PROBLEM STATEMENT:
Repeat only these lines, exactly: the first line of the data, the line containing "Die Omelett-Muffins habe", and every line between them. Pictures stay out.

Collected data entries:
****************

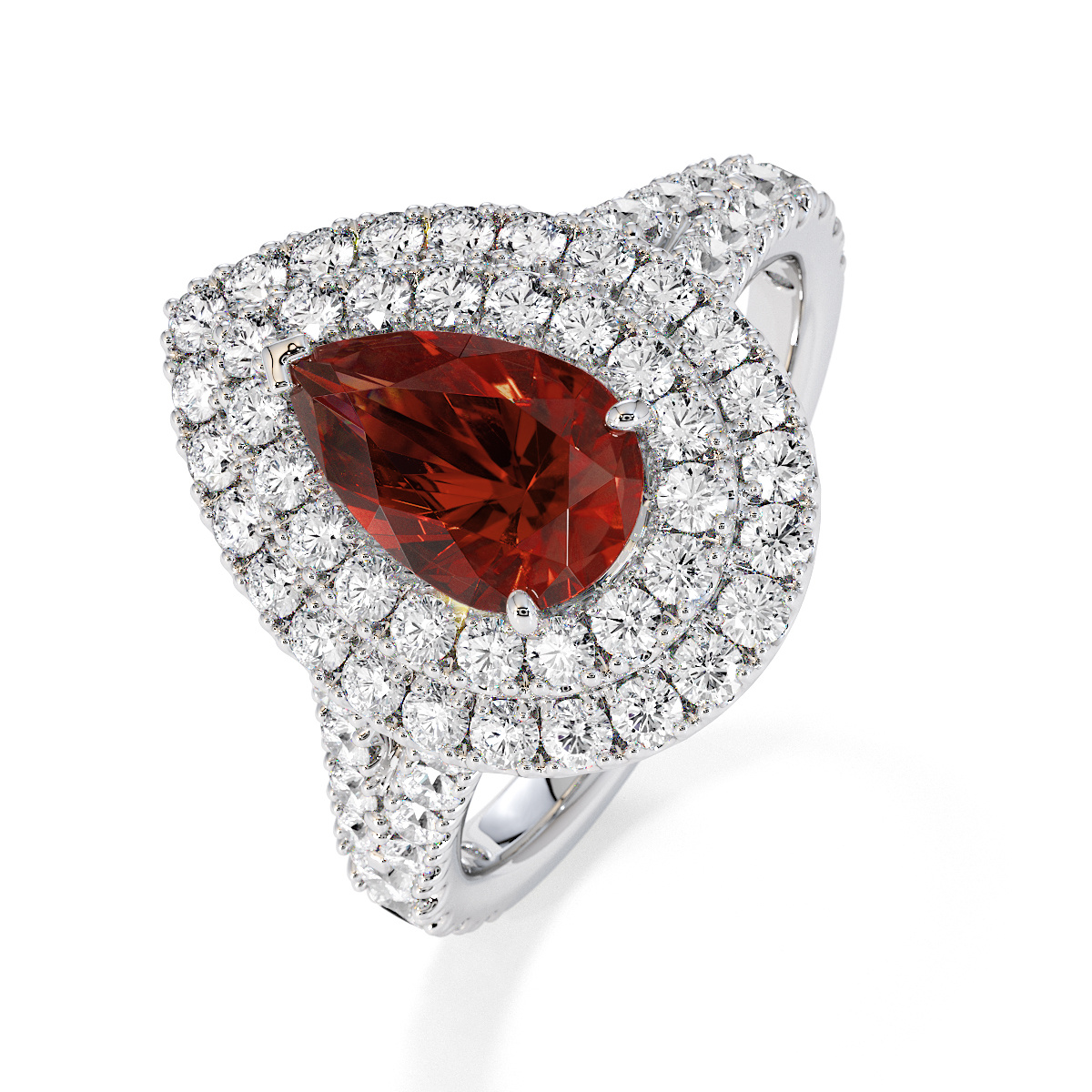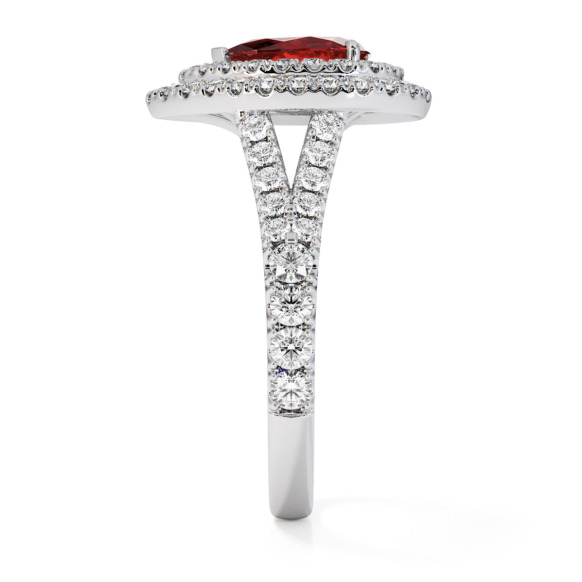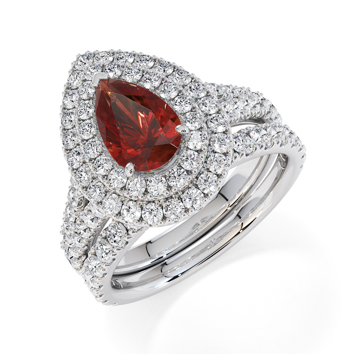 Featuring a gorgeous pear-shaped Garnet and Diamond Engagement Ring surrounded by a double halo of round brilliant stones, the ring is further adorned with prong-set diamonds running up the split shank shoulders. This engagement ring beautifully complements the wedding ring of your choice.
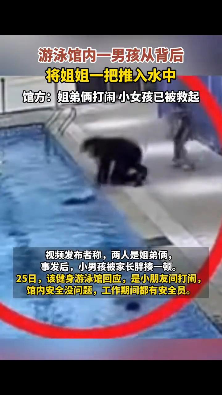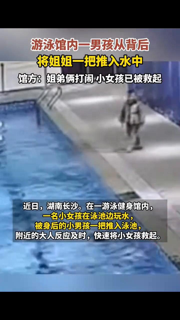 游泳馆内一男孩从背后将姐姐一把推入水中。 馆方:姐弟俩打闹,小女孩已被救起。 近日,湖南长沙。在一游泳健身馆内,一名小女孩在泳池边玩水,被身后的小男孩一把推入泳池,附近的大人反应及时,快速将小女孩救起。 视频发布者称,两人是姐弟俩,事发后,小男孩被家长胖揍一顿。25日,该健身游泳馆回应,是小朋友间打闹,馆内安全没问题,工作期间都有安全员。
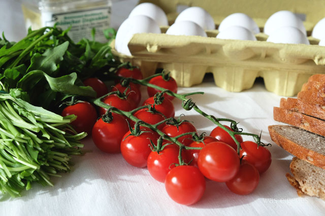 Die Omelett-Muffins habe ich so gemacht: Eine Muffinform einfetten, Tomaten und Rauke in kleine Stückchen schneiden und auf die Muffin-Vertiefungen aufteilen. Eine Hälfte der Muffins bekam noch ein paar Krümel Ziegenfrischkäse mit. Diesen habe ich beim Bauernhof gekauft. Hergestellt wird er in Grefrath am Niederrhein, meine Heimat. In einer Schüssel habe ich dann 8 Eier mit ein wenig Milch aufgeschlagen und mit Salz und Pfeffer gewürzt. Anschliessend habe ich die Eiermasse auf die Muffin-Form verteilt und im Ofen bei ca. 220° 15- 20 Minuten gebacken. Ich habe nicht genau auf die Uhr gesehen… sobald das Ei vollständig gestockt ist, sollte es fertig sein. Dazu gab’s Brot.
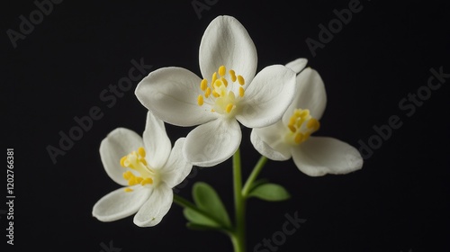 flower, blossom, bloom, white, flower petals, yellow, stamen, pistil, botany, flora, nature, plant, spring, summer, beauty, delicate, elegant, fragile, pure, serenity, peace, calmness, calmness, freshness, vibrant, bright, closeup, macro, isolated, background, dark, black, studio, photo, image, picture, floral, design, wallpaper, art, aesthetic, detail, texture, flowering, growth
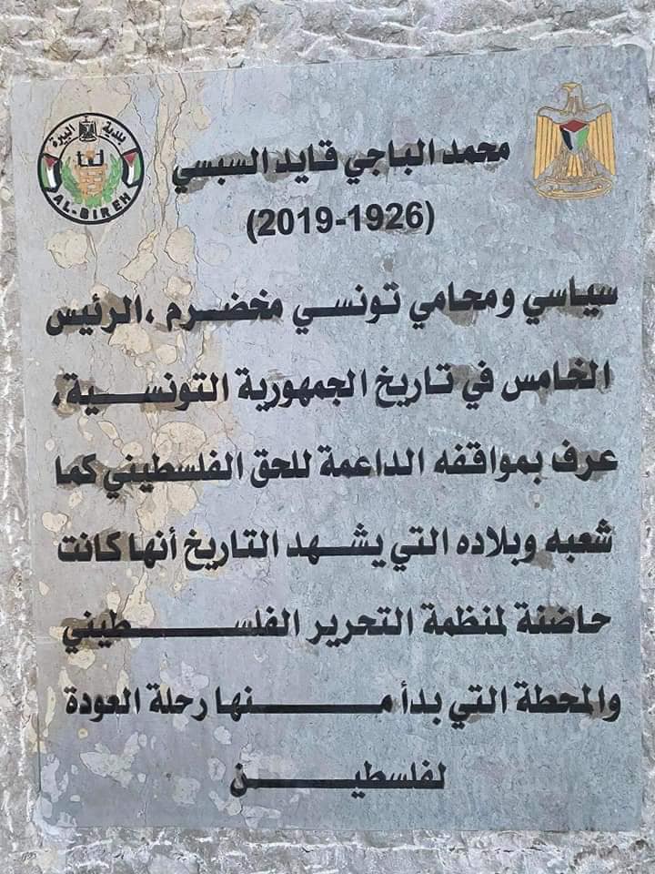 تم مؤخرا تدشين ميدان يحمل إسم الرئيس الراحل ''الباجي قايد السبسي'' في مدينة رام الله الفلسطينية.

****************

FINISHED EXERCISE:
 Featuring a gorgeous pear-shaped Garnet and Diamond Engagement Ring surrounded by a double halo of round brilliant stones, the ring is further adorned with prong-set diamonds running up the split shank shoulders. This engagement ring beautifully complements the wedding ring of your choice.
 游泳馆内一男孩从背后将姐姐一把推入水中。 馆方:姐弟俩打闹,小女孩已被救起。 近日,湖南长沙。在一游泳健身馆内,一名小女孩在泳池边玩水,被身后的小男孩一把推入泳池,附近的大人反应及时,快速将小女孩救起。 视频发布者称,两人是姐弟俩,事发后,小男孩被家长胖揍一顿。25日,该健身游泳馆回应,是小朋友间打闹,馆内安全没问题,工作期间都有安全员。
 Die Omelett-Muffins habe ich so gemacht: Eine Muffinform einfetten, Tomaten und Rauke in kleine Stückchen schneiden und auf die Muffin-Vertiefungen aufteilen. Eine Hälfte der Muffins bekam noch ein paar Krümel Ziegenfrischkäse mit. Diesen habe ich beim Bauernhof gekauft. Hergestellt wird er in Grefrath am Niederrhein, meine Heimat. In einer Schüssel habe ich dann 8 Eier mit ein wenig Milch aufgeschlagen und mit Salz und Pfeffer gewürzt. Anschliessend habe ich die Eiermasse auf die Muffin-Form verteilt und im Ofen bei ca. 220° 15- 20 Minuten gebacken. Ich habe nicht genau auf die Uhr gesehen… sobald das Ei vollständig gestockt ist, sollte es fertig sein. Dazu gab’s Brot.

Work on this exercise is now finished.